我刚刚看到一篇名为 The 500 Greatest Songs of All Time 的文章,并想“哦,那太酷了,我敢打赌他们还制作了一个我可以关注的 Spotify/Apple 音乐列表”。嗯……他们没有。

简而言之,我想知道是否有可能 1) 废弃网站以提取歌曲,以及 2) 然后将某种批量上传到 Spotify 以创建列表。

网站中歌曲的标题和作者的结构如下: Website screenshot。我已经尝试使用谷歌表格中的 importxml() 公式报废网络,但没有成功。

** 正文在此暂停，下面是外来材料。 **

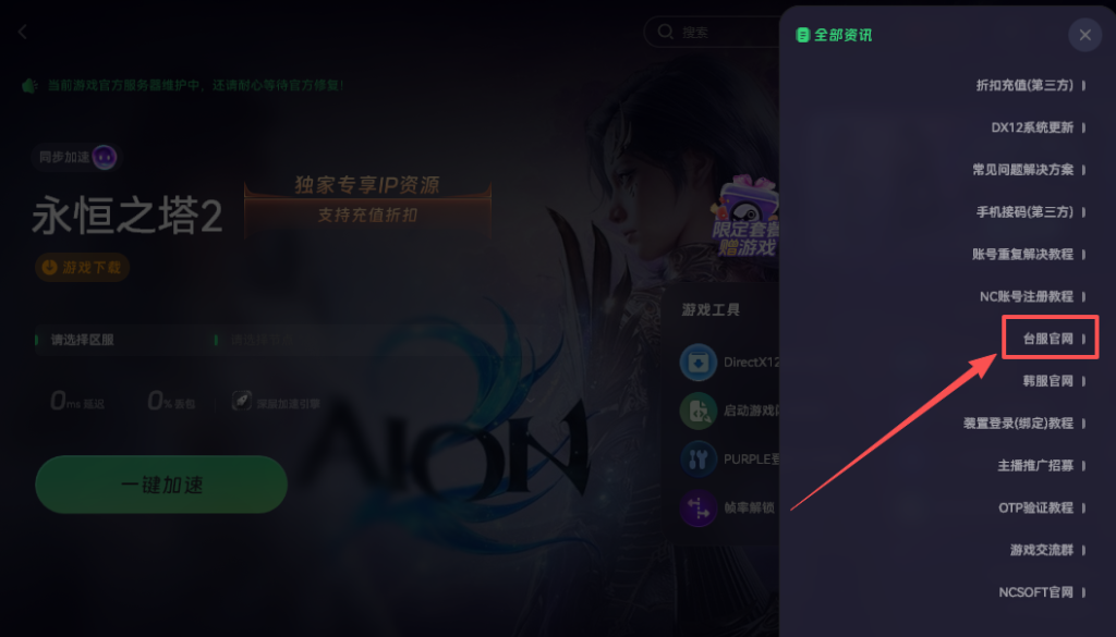加速成功后,在加速页一般会有一个官网入口按钮,点击它就能直接跳转到台服官网。
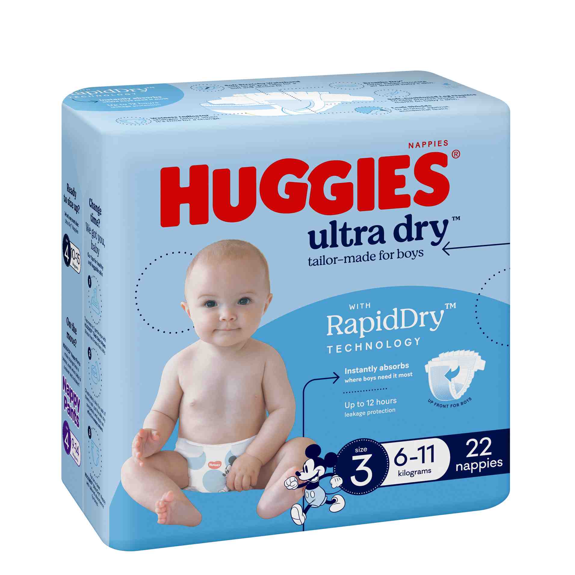 Huggies Ultra Dry Nappies with tailor-made absorbency up front for boys. Huggies unique Rapid-Dry Technology instantly absorbs wetness and springs back dry in seconds. Keeping baby snug & dry, day & night with up to 12hrs leakage protection.
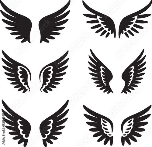 Set of hand drawn bird or angel wings of different shape in open position. Black doodle wings set
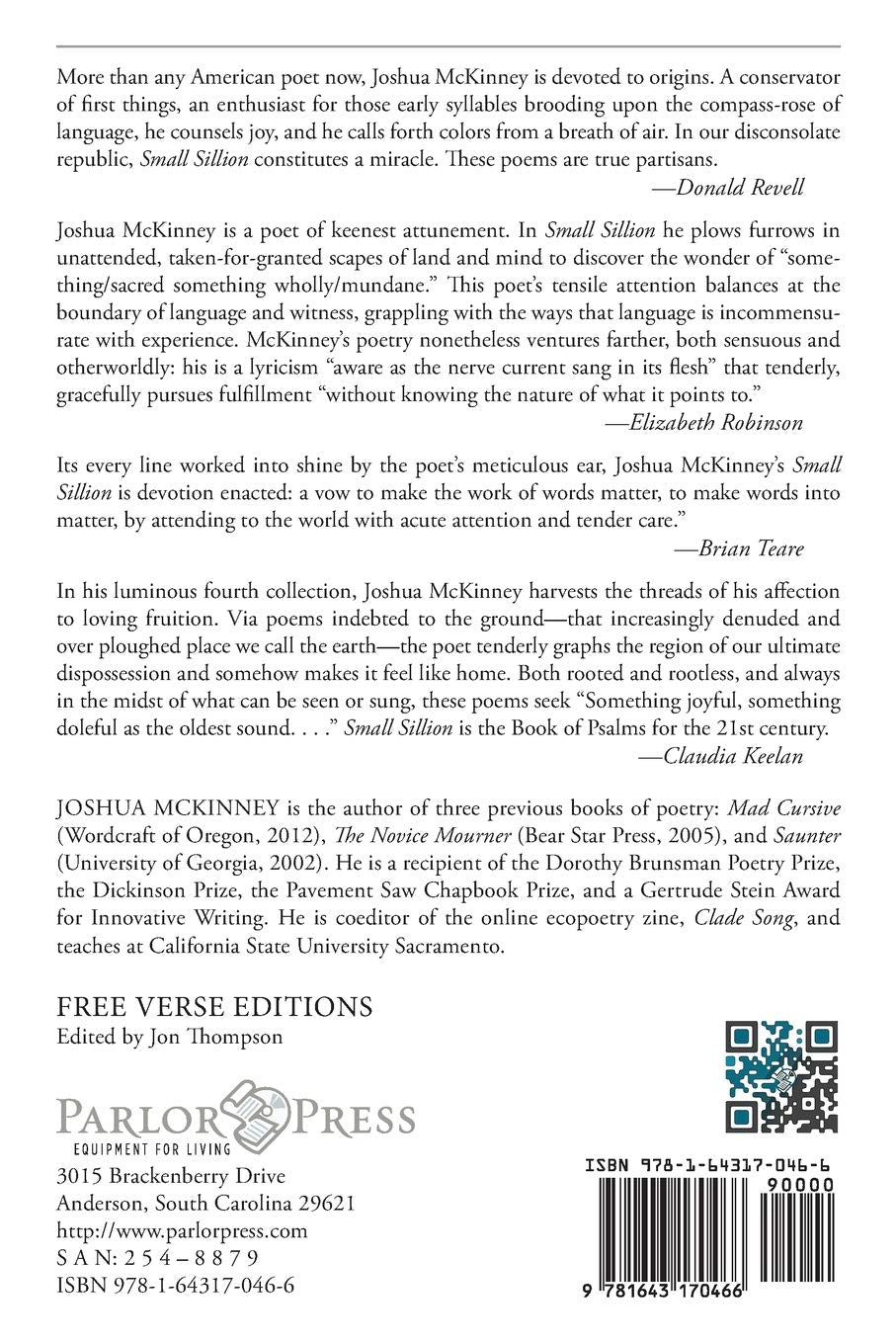 Joshua McKinney's fourth collection, Small Sillion, enacts a lyric struggle to perceive the numinous in a world marked by violence. The term sillion, as used by Hopkins in his famous poem, "The Windhover," refers to a furrow turned over by a plough. For McKinney it is both prelude to fertility, and wound, a scarring of the land. Maintaining a tension between the visionary and the mundane, between joy and despair, these poems posit a border between language and the living world; they constitute a personal eco-poetics of skepticism, one that respects language's utility and radiance, while acknowledging that the world's complexity lies beyond the grasp of language

我知道报废部分比其他部分更容易,并且由于我是编程新手,我很乐意设法部分实现这一目标。我相信这个任务可以在 python 上轻松完成。

【问题讨论】:

    标签: html web-scraping xpath


    【解决方案1】:

    我觉得解释一切都超出了这里的范围,所以我试着把代码注释得足够好。

    1。刮掉歌曲

    我使用了 python3 和 selenium,他们的网站没有阻止它。 如有必要,请务必调整您的 chromedriver 路径,以及底部的 .txt 文件的输出路径。完成后,您拥有 .txt 文件,您可以将其关闭。

    import time
    from selenium import webdriver
    from selenium.webdriver.common.by import By
    from selenium.webdriver.chrome.service import Service
    
    s = Service(r'/Users/main/Desktop/chromedriver')
    driver = webdriver.Chrome(service=s)
    
    # just setting some vars, I used Xpath because I know that
    top_500 = 'https://www.rollingstone.com/music/music-lists/best-songs-of-all-time-1224767/'
    cookie_button_xpath = "// button [@id = 'onetrust-accept-btn-handler']"
    div_containing_links_xpath = "// div [@id = 'pmc-gallery-list-nav-bar-render'] // child :: a"
    song_names_xpath = "// article [@class = 'c-gallery-vertical-album'] / child :: h2"
    
    links = []
    songs = []
    
    
    driver.get(top_500)
    
    
    # accept cookies, give time to load
    time.sleep(3)
    cookie_btn = driver.find_element(By.XPATH, cookie_button_xpath)
    cookie_btn.click()
    time.sleep(1)
    
    
    # extracting all the links since there are only 50 songs per page
    links_to_next_pages = driver.find_elements(By.XPATH, div_containing_links_xpath)
    
    for element in links_to_next_pages:
        l = element.get_attribute('href')
        links.append(l)
    
    
    # extracting the songs, then going to next page and so on until we hit 500
    counter = 1         # were starting with 1 here since links[0] is the current page we are already on
    
    while True:
        list = driver.find_elements(By.XPATH, song_names_xpath)
    
        for element in list:
            s = element.text
            songs.append(s)
        
        if len(songs) == 500:
            break
    
        driver.get(links[counter])
        counter += 1
    
        time.sleep(2)
    
    
    # verify that there are no duplicates, if there were, something would be off
    if len(songs) != len( set(songs) ):
        print('you f***** up')
    else:
        print('seems fine')
    
    
    with open('/Users/main/Desktop/output_songs.txt', 'w') as file:
        file.writelines(line + '\n' for line in songs)
    

    2。准备 Spotify

    • 转到Spotify Developer Dashboard 并创建一个 帐户(使用您的 Spotify 帐户)。 然后创建一个应用,随意命名。
    • 在您的应用程序上单击设置和白名单http://localhost:8888/callback
    • 在您的应用上点击“用户和访问”并添加您的 Spotify 帐户
    • 让标签保持打开状态,我们会回来的

    3。准备好你的环境

    • 您需要Node.js,因此请确保已将其安装在您的机器上

    • 从 Spotifys GitHub 下载 this

    • 解压,cd 进入文件夹,运行npm install

    • 进入 authorization_code 文件夹并在编辑器中打开 app.js

    • 找到var scope并将'playlist-modify-public'附加到字符串中,这样您的应用就可以访问您的Spotify播放列表,请参阅here

    • 现在回到您的Spotify Developer Dashboard 中的应用程序,我们需要将客户端 ID 和客户端密码分别复制到 var client_idvar client_secret 中(在 app.js 文件中)。 var redirect_uri 将是 http://localhost:8888/callback - 不要忘记保存您的更改。

    4。运行 Spotify 方面

    • cd 进入 authorization_code 文件夹并使用 node app.js 运行 app.js(这基本上是在您的 PC 上运行的服务器)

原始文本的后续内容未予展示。